Dataset items

Segment Open

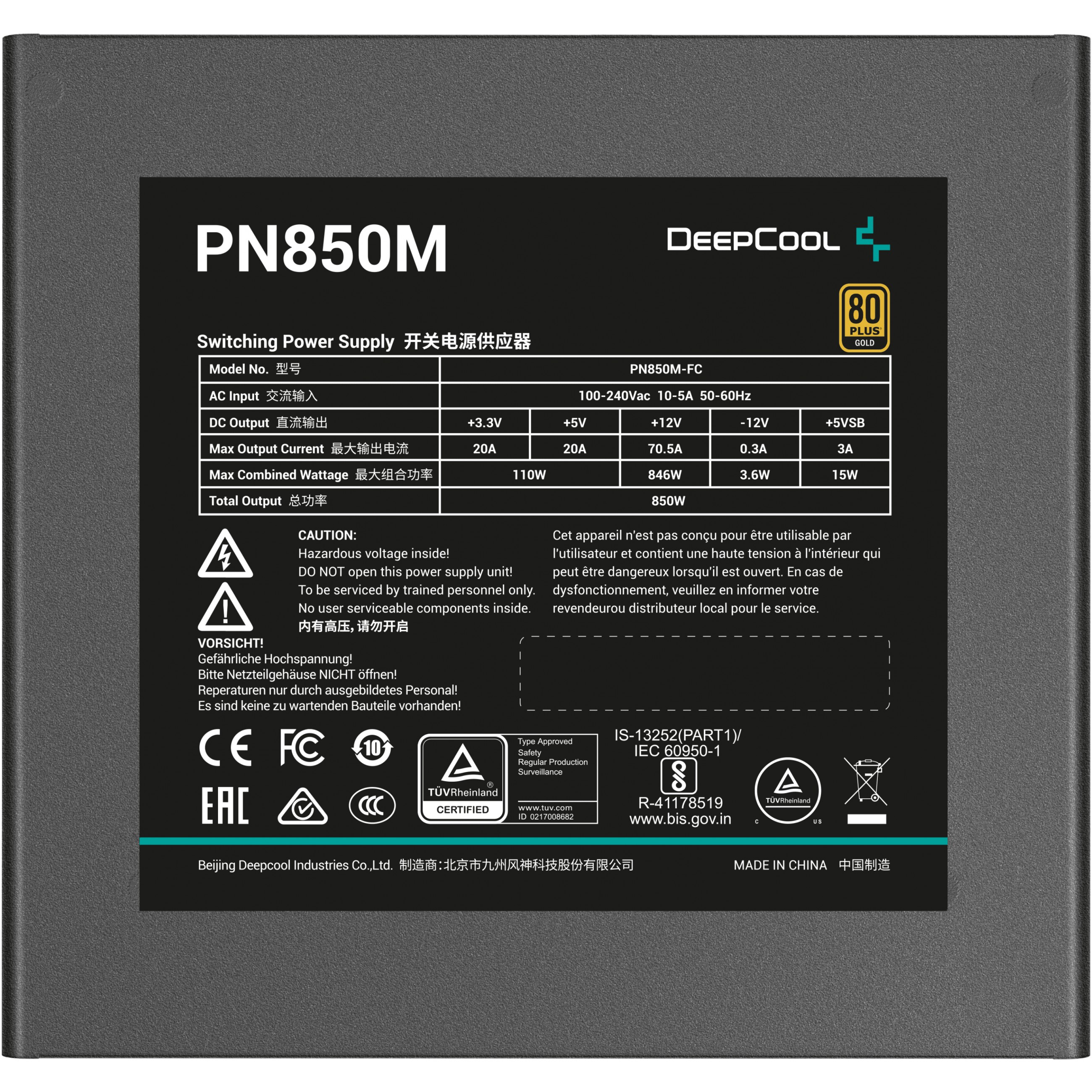 Gamer Storm PN850M. Gesamtleistung: 850 W, AC Eingangsspannung: 100 - 240 V, AC Eingangsfrequenz: 50/60 Hz. Motherboard Anschlussstecker: 20+4 pin ATX, Stromkabellänge Motherboard: 55 cm, SATA-Netzkabellänge: 450,570,690,810 mm. Zweck: PC, Stromversorgungseinheit (PSU) Formfaktor: ATX, 80 Plus Zertifizierung: 80 PLUS Gold. Produktfarbe: Schwarz, Kühlung: Aktiv, Lüfterdurchmesser: 12 cm. Mitgelieferte Kabel: AC
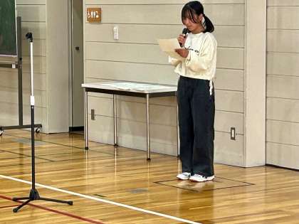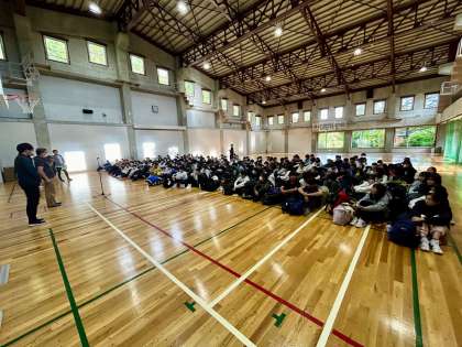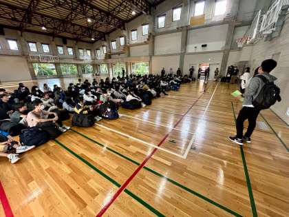 宿舎に着いて、すぐに体育館で行った開校式の様子です。
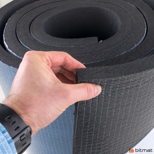 Pianka gumowa K25s firmy Bitmat - dzięki swojej strukturze świetnie izoluje hałasy, tworząc dla nich dodatkową blokadę, co wpływa na zmniejszenie poziomu przedostających się dźwięków.
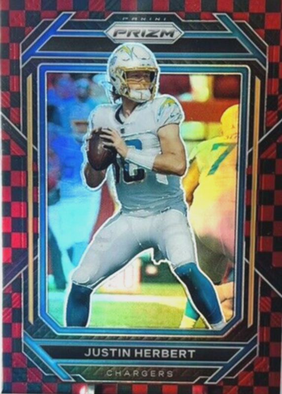 The Justin Herbert 2022 Prizm #149 Black & Red Checker /(SSP) card in Raw condition has not changed in price in the last 30 days and was last sold for $54.99 .
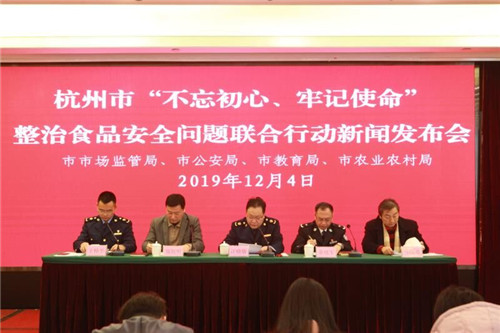 中国质量新闻网讯(鲁利军 通讯员 王敏) 12月4日,浙江省杭州市市场监管局、公安局、教育局、农业农村局召开“不忘初心、牢记使命”主题教育中开展整治食品安全问题联合行动新闻发布会,对联合行动工作进行总结评估,及时公布联合行动取得的成效。会上,杭州市市场监管局副局级党委委员汪晓敏通报了联合行动总体情况,公布了联合行动典型案例,杭州市市场监管局、公安局、教育局、农业农村局业务处室负责人回答了媒体提问。杭州市余杭区、临安区、拱墅区等地有关代表出席了发布会。
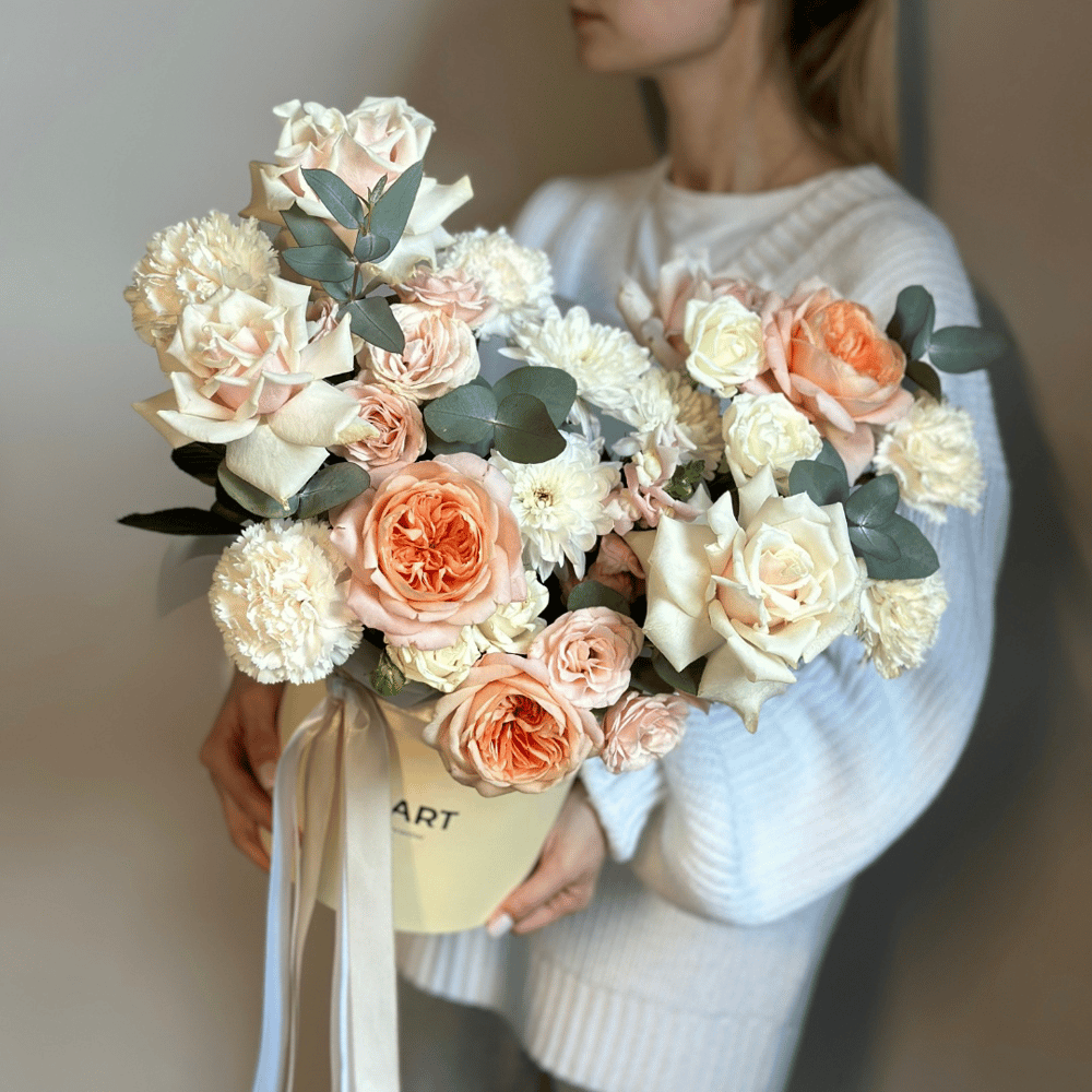 Шляпная коробка с цветами «Авторская коробка Венна» из роз и гвоздик

Segment Closed

# EXERCISE REQUIREMENTS
What is needed is a word-for-word copy of the lines from the start of the data to the line with "中国质量新闻网讯(鲁利军 通讯员 王敏)", inclusive, with no pictures in it.

# ANSWER BOX
 Gamer Storm PN850M. Gesamtleistung: 850 W, AC Eingangsspannung: 100 - 240 V, AC Eingangsfrequenz: 50/60 Hz. Motherboard Anschlussstecker: 20+4 pin ATX, Stromkabellänge Motherboard: 55 cm, SATA-Netzkabellänge: 450,570,690,810 mm. Zweck: PC, Stromversorgungseinheit (PSU) Formfaktor: ATX, 80 Plus Zertifizierung: 80 PLUS Gold. Produktfarbe: Schwarz, Kühlung: Aktiv, Lüfterdurchmesser: 12 cm. Mitgelieferte Kabel: AC
 宿舎に着いて、すぐに体育館で行った開校式の様子です。
 Pianka gumowa K25s firmy Bitmat - dzięki swojej strukturze świetnie izoluje hałasy, tworząc dla nich dodatkową blokadę, co wpływa na zmniejszenie poziomu przedostających się dźwięków.
 The Justin Herbert 2022 Prizm #149 Black & Red Checker /(SSP) card in Raw condition has not changed in price in the last 30 days and was last sold for $54.99 .
 中国质量新闻网讯(鲁利军 通讯员 王敏) 12月4日,浙江省杭州市市场监管局、公安局、教育局、农业农村局召开“不忘初心、牢记使命”主题教育中开展整治食品安全问题联合行动新闻发布会,对联合行动工作进行总结评估,及时公布联合行动取得的成效。会上,杭州市市场监管局副局级党委委员汪晓敏通报了联合行动总体情况,公布了联合行动典型案例,杭州市市场监管局、公安局、教育局、农业农村局业务处室负责人回答了媒体提问。杭州市余杭区、临安区、拱墅区等地有关代表出席了发布会。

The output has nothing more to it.